Delhi HC opens private firms to audit by CAG

Allows audit of telecom firms : Argues CAG can audit every rupee earned by Government.

New Delhi | Published: January 7, 2014 4:04 am
Two writ petitions had been filed by the Association of Unified Telecom Service Providers of India and the Cellular Operators Association of India against orders issued by the Director General of Audit, Post & Telecommunications to all telecom service providers. Two writ petitions had been filed by the Association of Unified Telecom Service Providers of India and the Cellular Operators Association of India against orders issued by the Director General of Audit, Post & Telecommunications to all telecom service providers.

Ruling that the Comptroller and Auditor General of India was authorised to audit “every rupee flowing into the Consolidated Fund of India, by way of revenue,” the Delhi High court Monday dismissed pleas filed by private telecom companies against audit of their accounts.
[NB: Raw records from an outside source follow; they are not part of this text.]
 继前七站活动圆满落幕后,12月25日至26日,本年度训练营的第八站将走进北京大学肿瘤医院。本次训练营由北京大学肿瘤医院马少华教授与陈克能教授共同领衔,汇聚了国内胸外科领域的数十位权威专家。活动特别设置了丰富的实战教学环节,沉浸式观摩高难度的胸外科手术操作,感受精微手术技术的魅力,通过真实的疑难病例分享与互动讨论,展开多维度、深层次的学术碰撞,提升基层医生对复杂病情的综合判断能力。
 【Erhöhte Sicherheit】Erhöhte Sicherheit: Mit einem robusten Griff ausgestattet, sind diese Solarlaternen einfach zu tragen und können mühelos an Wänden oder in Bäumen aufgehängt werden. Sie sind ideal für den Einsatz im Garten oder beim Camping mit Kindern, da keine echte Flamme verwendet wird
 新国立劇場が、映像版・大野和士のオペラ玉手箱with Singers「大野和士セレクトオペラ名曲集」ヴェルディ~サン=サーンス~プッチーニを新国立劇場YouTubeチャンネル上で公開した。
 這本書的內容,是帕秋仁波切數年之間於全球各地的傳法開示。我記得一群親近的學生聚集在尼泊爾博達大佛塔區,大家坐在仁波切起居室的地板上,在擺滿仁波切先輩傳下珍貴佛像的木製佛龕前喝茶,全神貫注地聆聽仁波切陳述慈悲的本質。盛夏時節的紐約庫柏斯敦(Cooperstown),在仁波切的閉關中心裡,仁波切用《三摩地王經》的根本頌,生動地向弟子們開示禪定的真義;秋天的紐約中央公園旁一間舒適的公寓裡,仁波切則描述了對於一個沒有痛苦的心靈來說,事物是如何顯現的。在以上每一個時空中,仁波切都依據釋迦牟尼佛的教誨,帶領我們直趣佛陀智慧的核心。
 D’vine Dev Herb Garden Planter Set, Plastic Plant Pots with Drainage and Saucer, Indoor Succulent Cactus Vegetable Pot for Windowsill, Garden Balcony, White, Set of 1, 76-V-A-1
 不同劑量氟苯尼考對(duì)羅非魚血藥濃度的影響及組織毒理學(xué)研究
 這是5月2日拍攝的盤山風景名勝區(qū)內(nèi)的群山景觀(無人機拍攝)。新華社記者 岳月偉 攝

“If all the income of the state, must, in view of the constitutional requirements, be credited to and form part of the Consolidated Fund of the State, it is obvious that the income derived by the state from any contract, cannot be kept out of the general revenues…,” the bench of Justice Pradeep Nandrajog and Justice V Kameswar Rao said.
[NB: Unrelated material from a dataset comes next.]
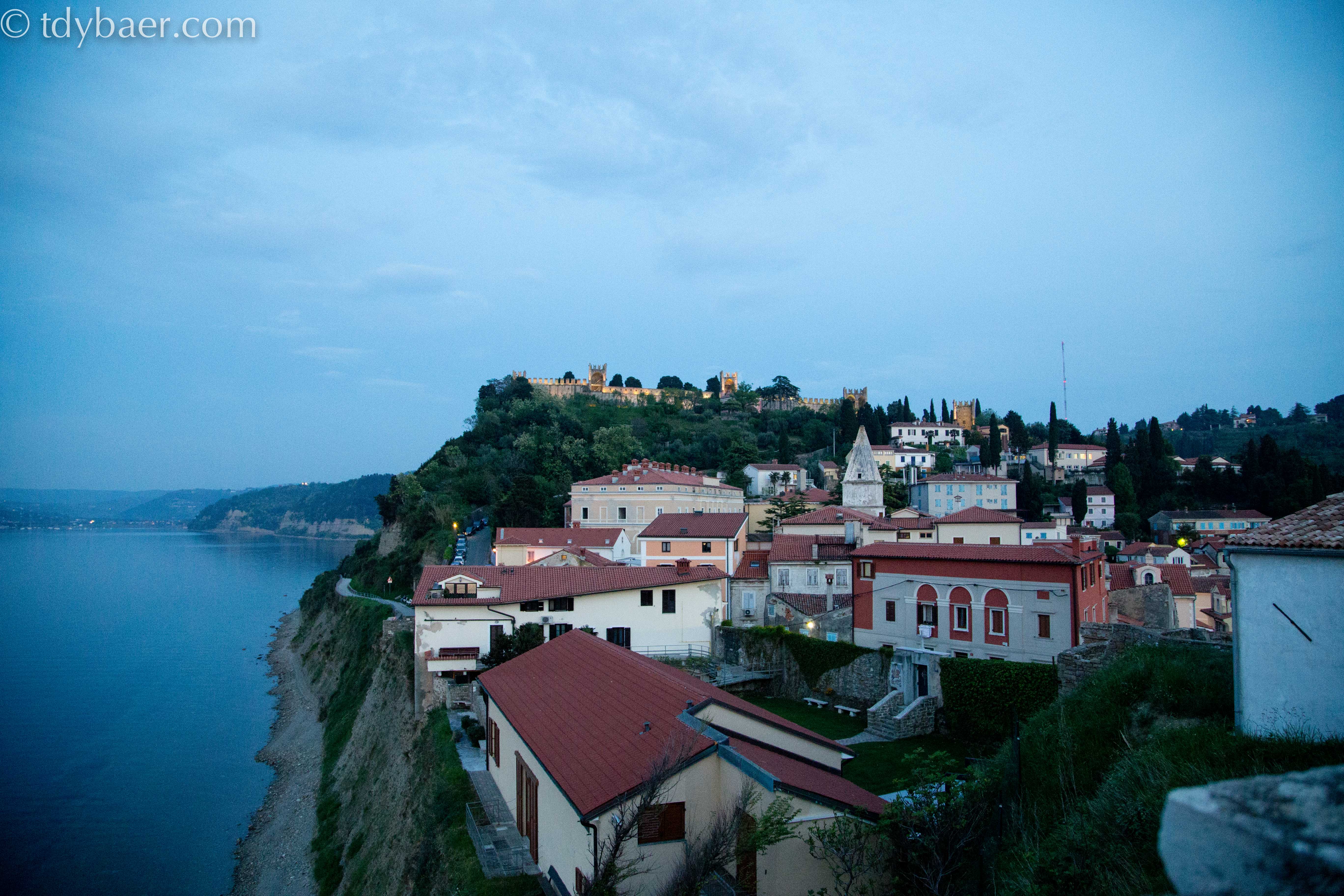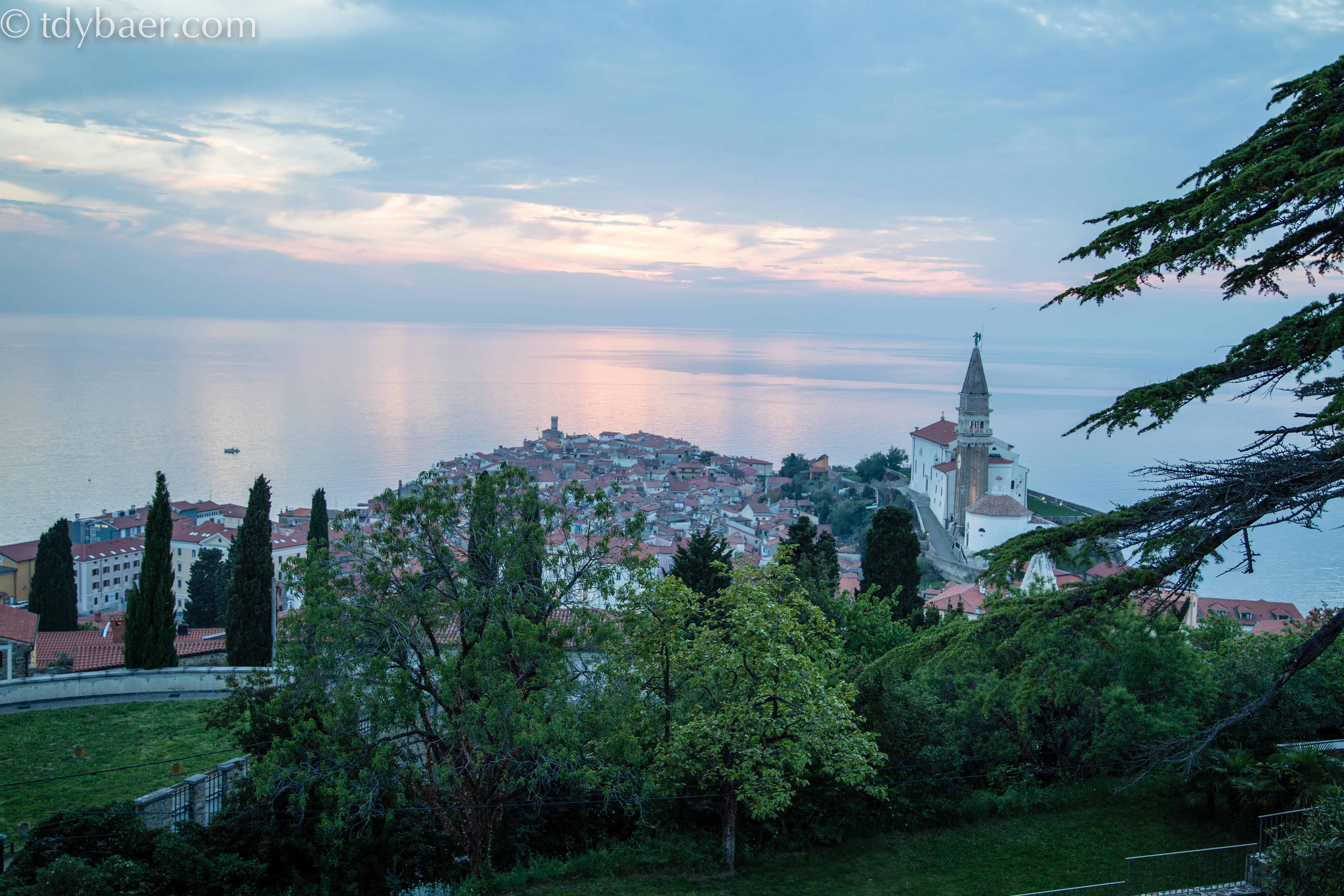 Noch schnell den Sonnenuntergang einfangen und weiter geht der Spaziergang hinauf zur Stadtmauer im Stadtteil Marcana, südlich des Tartini-Platzes.

Two writ petitions had been filed by the Association of Unified Telecom Service Providers of India and the Cellular Operators Association of India against orders issued by the Director General of Audit, Post & Telecommunications to all telecom service providers, directing them to produce books of accounts and other documents for verification of revenue to the CAG for three years from 2006-07 to 2008-09.
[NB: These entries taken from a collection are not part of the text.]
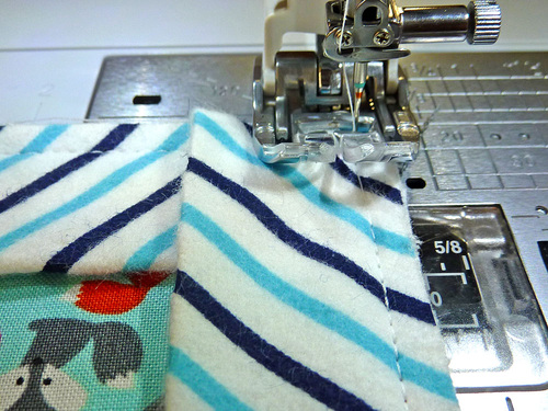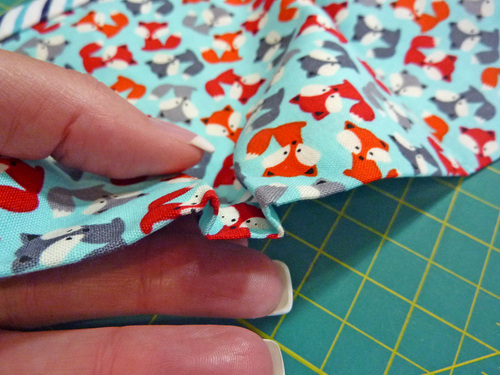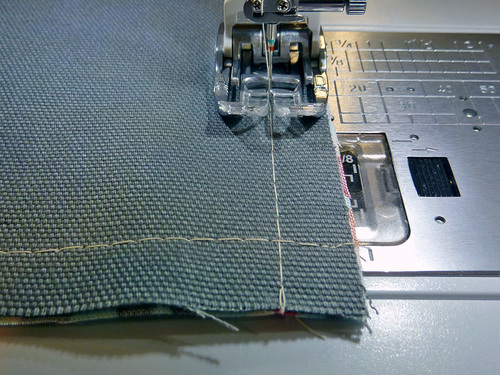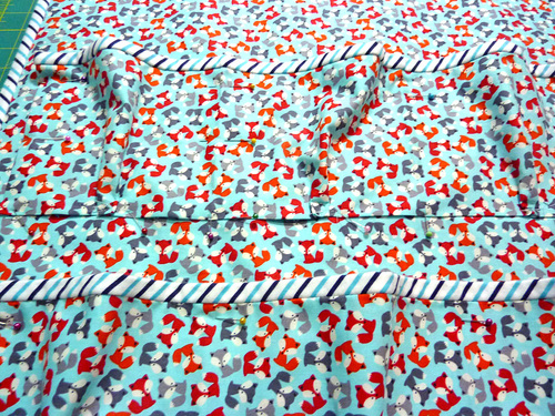 - Be sure to back tack at the beginning and end of each pocket panel, and be careful to keep all your layers flat when stitching over your pleats along the bottom.
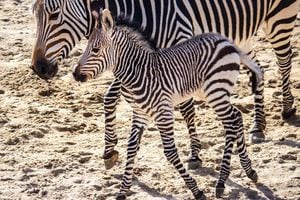 Now you know that a baby zebra is called a colt. Adult females are mares and male zebras are called stallions. At the age of two a young female can already lead offspring.
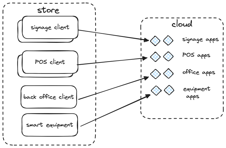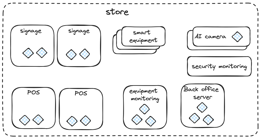Each store has a highly available cluster of edge servers. All applications run in the cluster. Edgecell makes this deployment pattern possible.
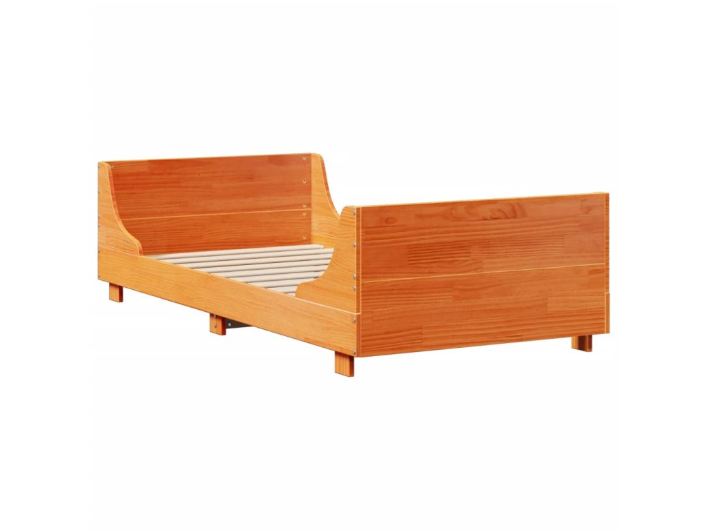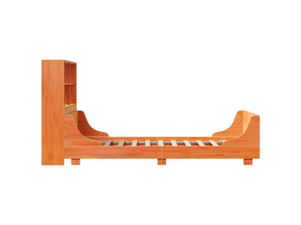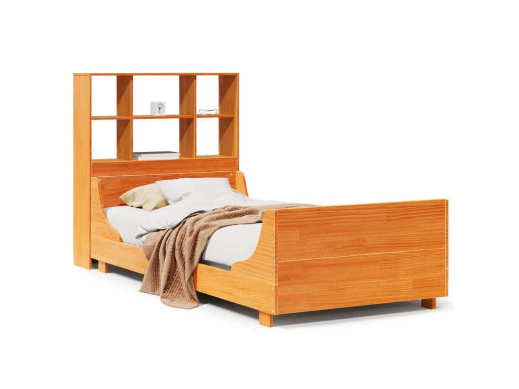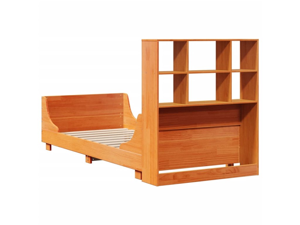 Postel s knihovnou bez matrace hnědá 100 x 200 cm masivní dřevo 3323814
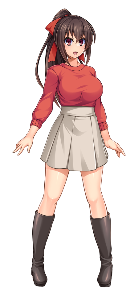 1girl :d astrae blush boots bow breasts brown_hair casual full_body game_cg grey_skirt hair_between_eyes hair_bow high-waist_skirt high_ponytail ikameshi_(nega96396) knee_boots large_breasts large_variant_set legs_apart long_hair long_sleeves looking_at_viewer non-web_source official_art open_mouth pleated_skirt ponytail red_bow red_eyes red_shirt red_sweater seisenki_iris self-datamine shirt simple_background skirt smile solo standing sweater tachi-e transparent_background variant_set
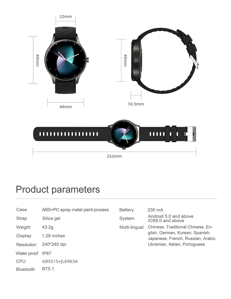 Functions: smart reminder, remote control selfie, sleep monitoring, blood oxygen detection
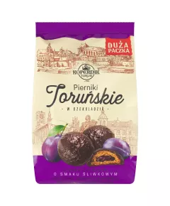Dane produktowe Kopernik Pierniki toruńskie w czekoladzie z nadzieniem o smaku śliwkowym 300 g Pierniki Toruńskie Legendarny smak Toruńskie Pierniki wypiekamy na bazie starannie wyselekcjonowanych składników. To połączenie delikatnego ciasta, mieszanki aromatycznych korzennych przypraw i...

According to the companies, the CAG did not have the power to conduct a revenue audit of private telecom companies.
But the bench noted that as licence holders, the companies were bound by contract to maintain accounts relating to the licence agreement and, in particular, the revenue received by it.
“…There is a contractual obligation of the licensee to account for and pay to the Central government its share of the revenue…Needless to state, without an accounting, there is no way by which the Central government can determine its dues,” the bench said.
The verdict is likely to impact the way public private partnership and joint ventures work in the country since the court said a “new emerging regulatory state” was needed to curb the system that had grown out of “club governance”.
Emphasising the fiduciary relationship of trust between the government and the companies, the court held that under the terms of the licence agreement, the companies had undertaken the accounting responsibility for the Central government as well as themselves.
The court also noted that the terms of the contract between the government and the telecom companies involved grant of permission to the companies to use the natural resource of spectrum in exchange for a consideration, which would include a percentage of the revenue of the company plus radio spectrum charges and entry fee.
According to the court, as the payment was received by the government out of the gross revenue received by the companies, it was within the jurisdiction of the CAG.
“We conclude by holding that neither Rule 5 of the Telecom Regulatory Authority of India, Service Providers (Maintenance of Books of Accounts and other Documents) Rules is ultra vires Section 16 of the Comptroller and Auditor General (Duties, Powers and Conditions of Service) Act, 1971 nor is Section 16 ultra vires Article 149 (power of CAG) of the Constitution of India,” the bench said.
“We have already held… under the terms of the licence agreement, the licensee has undertaken the accounting
responsibility for the Central Government as well as itself.”
“Thus, the accounts of the licensees, in relation to the revenue receipts can be said to be the accounts of the Central government and thus subject to a revenue audit as per Section 16 of the Comptroller and Auditor General (Duties, Powers and Conditions of Service) Act,” the bench said.
The court, however, made it clear that the CAG audit would have to be restricted only to a revenue audit “pertaining to the receipts and no more.”
“The Comptroller and Auditor General would not confuse himself with his wide, all embracing power under Section 14(2) of the Comptroller and Auditor General (Duties, Powers and Conditions of Service) Act, 1971 which includes inquiries into aspects like faithfulness, wisdom and economy in expenditures,” the court said.